I don't know why this feeling has come up so early this year - maybe so many things have happened that this year seems too full to hold any more. It was a year of personal growth, if professional stagnation. As I begin to look back on it, as though today were late December, there have been a few year-defining moments:
Getting married. Difficult to say why this was year-defining, even though I know it should be. Not very much has changed, other than adding the word 'husband' to my vernacular. Our family and friends are amazing, beautiful, supportive people, who made the day very special, and I felt and continue to feel very loved, but our friends and family were always amazing, beautiful and support people. I guess the year-defining-ness is that the event just brought these qualities more sharply into focus.
Of everyone, this was best exemplified by my sister. My little sister is more grown up than I could ever be, and she held me together with a fierce mix of bossiness, sarcasm and care. For all those who think I am ambitious, tenacious and stubborn - you don't know Kathy. And she's always much better dressed.
Lots of other people getting married. It was like chicken pox and everyone who was susceptible even in the slightest, caught the bug. Lovely, flowery, romantic, silly, Yay! bug. Something about the people around you marrying makes you realise you've graduated from adolescence to slightly less adolescent.
A difficult Third Show. I think trilogies are very difficult, and having attempted one in art, I'm not sure I could do it again. After two successful shows at the View Tube under the Views from the Edge mast, I am honest enough to say the third effort was not up to standard. A combination of bad timing, difficult curatorial position, and to some degree, a lack of inspiration or deep personal engagement, does not a good show make. Looking back on it, I'm not sure why it was attempted under those conditions, but it was an accurate representation of art-making for me in general this year.
In fact, other than wedding stationery and this difficult Third Show, I hardly ever made it into my shared studio in Bermondsey. I have no excuses - I just didn't go. It is probably the number one reason I am ready for this year to be psychologically over, as though the start of a new year wipes my creative slate clean and I can begin again, in a new space, making new work.
Running. aka, my billionth attempt at sustained weight loss. It went well at the start of this year, and in fact, better than I could have imagined. If you had said to me at the start of this year that by the end, I would have run a half marathon, and would be cycling 14-27 miles to work, I would have laughed it off as ridiculous. And yet, here I am.
I am reluctant to overstate anything here, though. I secretly still snack on horrendous things, and when I get a chance to do absolutely nothing, all by myself, I am usually ass-first on the couch with a remote in one hand and a coconut based pudding in the other.

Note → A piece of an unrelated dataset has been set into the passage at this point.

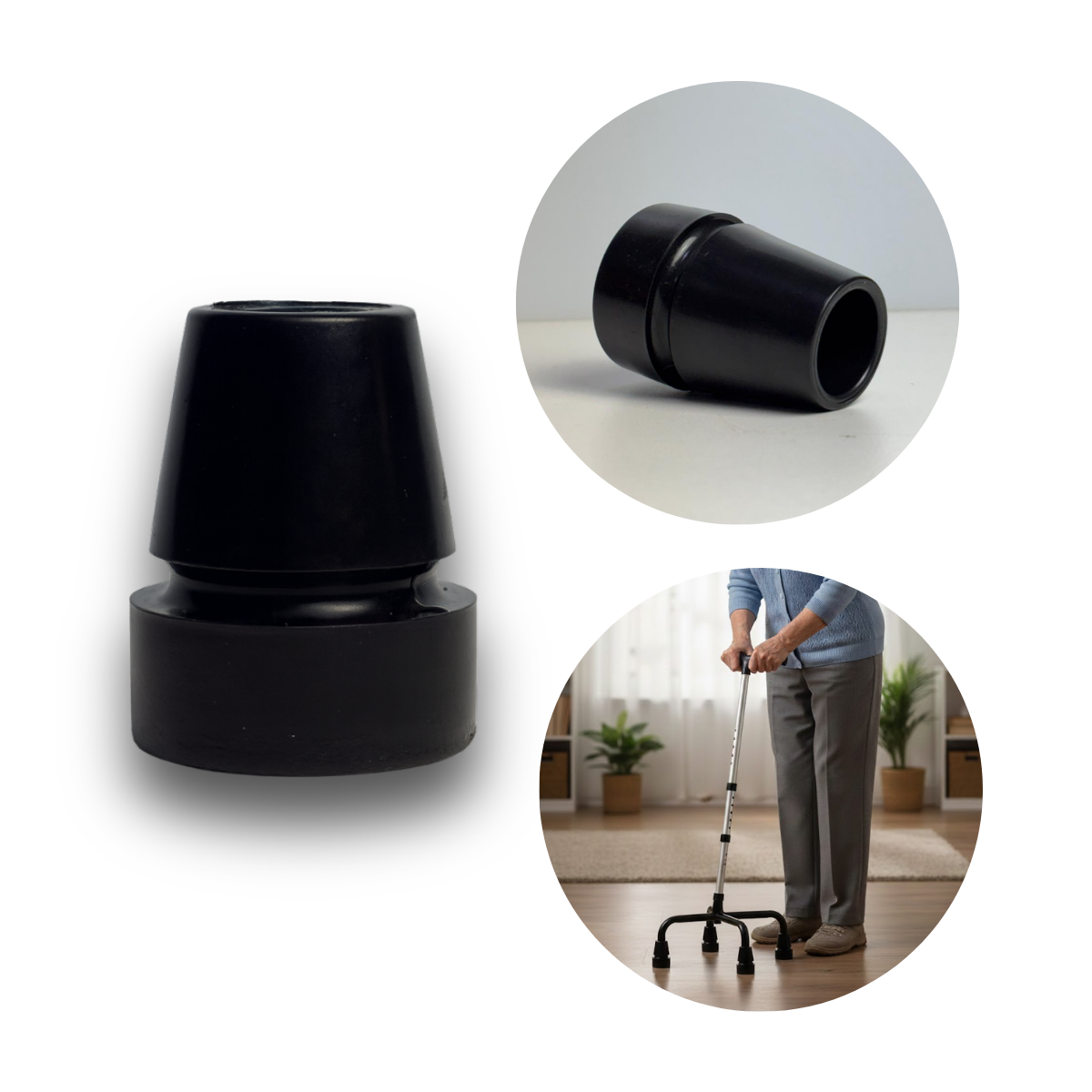 Ponteira de bengala com máxima aderência e durabilidade. Material de borracha reforçada que absorve impacto. Ideal para pisos escorregadios. Compre agora!

Old work. This year marks the end of the Start Family Programme at Tate Modern. After 10 and a half years of delivering gallery-based family programming, of which I worked the last five, the team has been disbanded and the red desk retired. It was one of my first jobs in London, and it gave me the confidence and experience to go after other work in the legendary 'big institutions' that define the city's public arts landscape. The job also gave me some fabulous friends.
New Work. When one door closes, another door opens, and at the first sign of troubled employment waters this year, I cast a net to see what other arty fishy jobs were available. The sea responded brilliantly, and I find myself working a the National Maritime Museum in a job I completely adore. It allows me to combine a hobbyist enthusiasm for ships and the sea, with family learning and art.
It is a little known fact I have a keenness for maritime history and the sea. I love British seaside towns, old dockyards and quays, moors, breakwalls, fishing villages, ports, anything with an HMS and a story. The smell of salt and sulphur, whipped hair in the wind, and in Margate this year, a mushy pea fritter, all contribute to the experience of watching water and sky. I like especially to sit as the tide comes in and watch it devour plots of sand and grit, pebbled beaches strewn with all matter of sea debris. It always makes me feel better, even when I didn't know I was down.
Which brings me to my resolutions. I'm not exactly down, but I'm also not quite up.
So here they are:
I will run or cycle, every day. Even it is only for 15 minutes. Every day. I'd like to say this is for health and thinness, but it's actually for bacon and ice cream.
I will draw something, every day, and not throw it away. Many of these will be ugly, but I will keep them until this time next year, instead of chucking them in an embarrassed fit. Some may even be posted here for digital posterity.
I will visit the sea once a month, every month, if only for an afternoon. Upness, not downness, is the way forward.